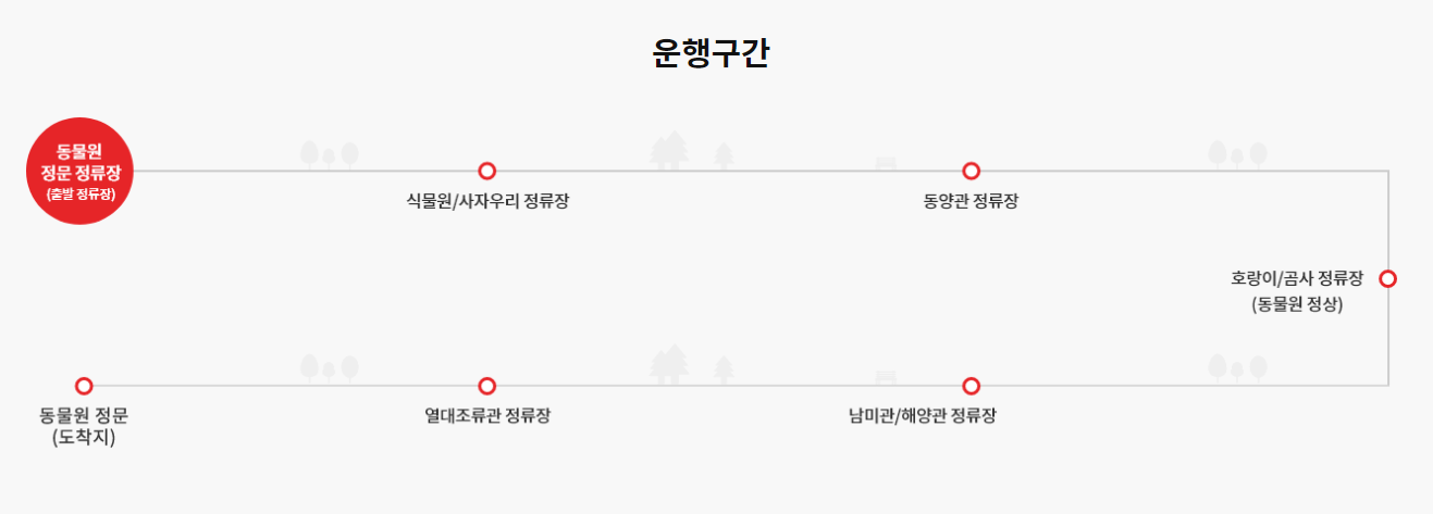 제1정류장 (서울동물원 앞) | 09:00 ~ 동물원 폐장 후 10분 | |
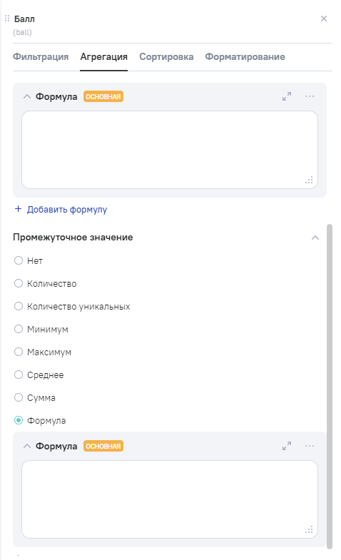 При выборе вида агрегации Формула
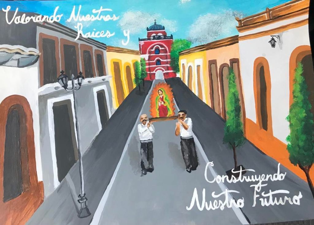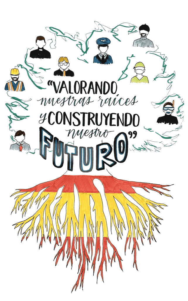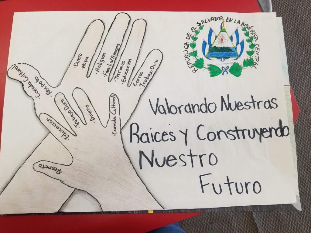 Delia sent us her student’s Eileen Salgado’s poster drawing. Ms. De Leon explains that Eileen is from El Salvador and the idea behind the contest’s theme was drawing her self-portrait dreaming of her country and how she can be of help to her culture in the future.
__________________________________________________
■ **AIM OF THE TASK**
Pictures aside, the material must be written out word for word.

■ **SOLVED PROBLEM**
 제1정류장 (서울동물원 앞) | 09:00 ~ 동물원 폐장 후 10분 | |
 При выборе вида агрегации Формула
 Delia sent us her student’s Eileen Salgado’s poster drawing. Ms. De Leon explains that Eileen is from El Salvador and the idea behind the contest’s theme was drawing her self-portrait dreaming of her country and how she can be of help to her culture in the future.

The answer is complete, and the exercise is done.